Work item
Pictures stay out, but every line of the data is copied exactly.

Data block

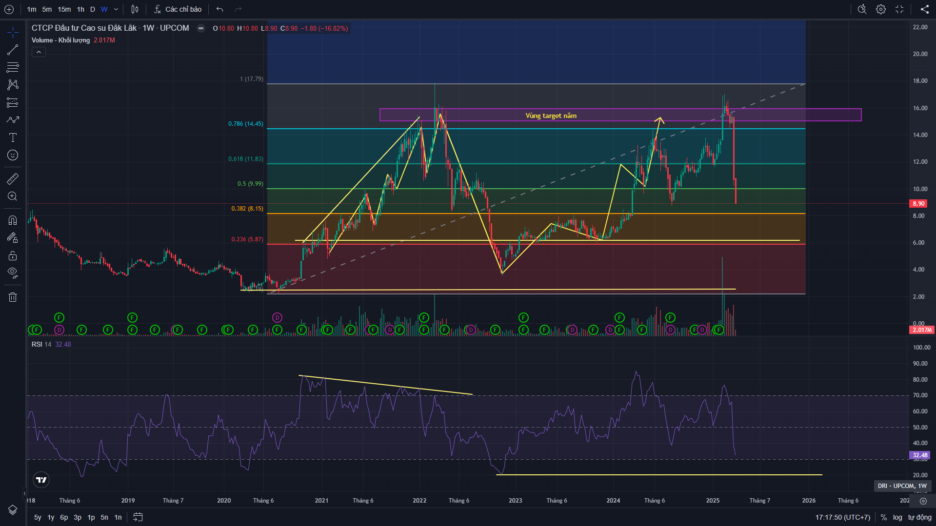 Đây là chart kĩ thuật DRI em vẽ hồi năm trước, mời cả nhà tham khảo:
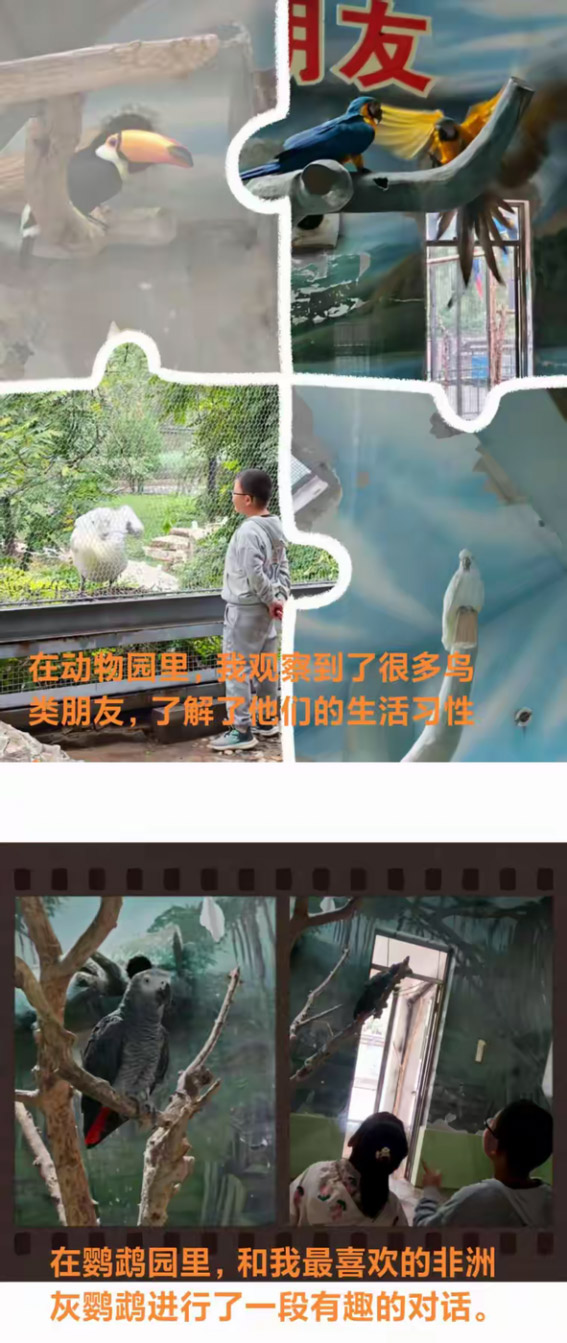 他和家人一起参观动物园,同鹦鹉对话。在爸爸的帮助下,了解到鸟类是人类科技的无声导师。比如,鹦鹉脚抓的抓握技术,可以让机器人精准抓取不规则物体,革新仓储物流。
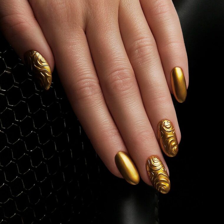 Золотой маникюр с дизайном: лучше идеи в 2024
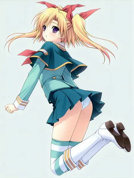 服装词:aki_clothes, 长袖, 小披肩, 绿色衣物, 衬衫, 百褶裙, 条纹长筒袜, 白色膝靴

Finished exercise
 Đây là chart kĩ thuật DRI em vẽ hồi năm trước, mời cả nhà tham khảo:
 他和家人一起参观动物园,同鹦鹉对话。在爸爸的帮助下,了解到鸟类是人类科技的无声导师。比如,鹦鹉脚抓的抓握技术,可以让机器人精准抓取不规则物体,革新仓储物流。
 Золотой маникюр с дизайном: лучше идеи в 2024
 服装词:aki_clothes, 长袖, 小披肩, 绿色衣物, 衬衫, 百褶裙, 条纹长筒袜, 白色膝靴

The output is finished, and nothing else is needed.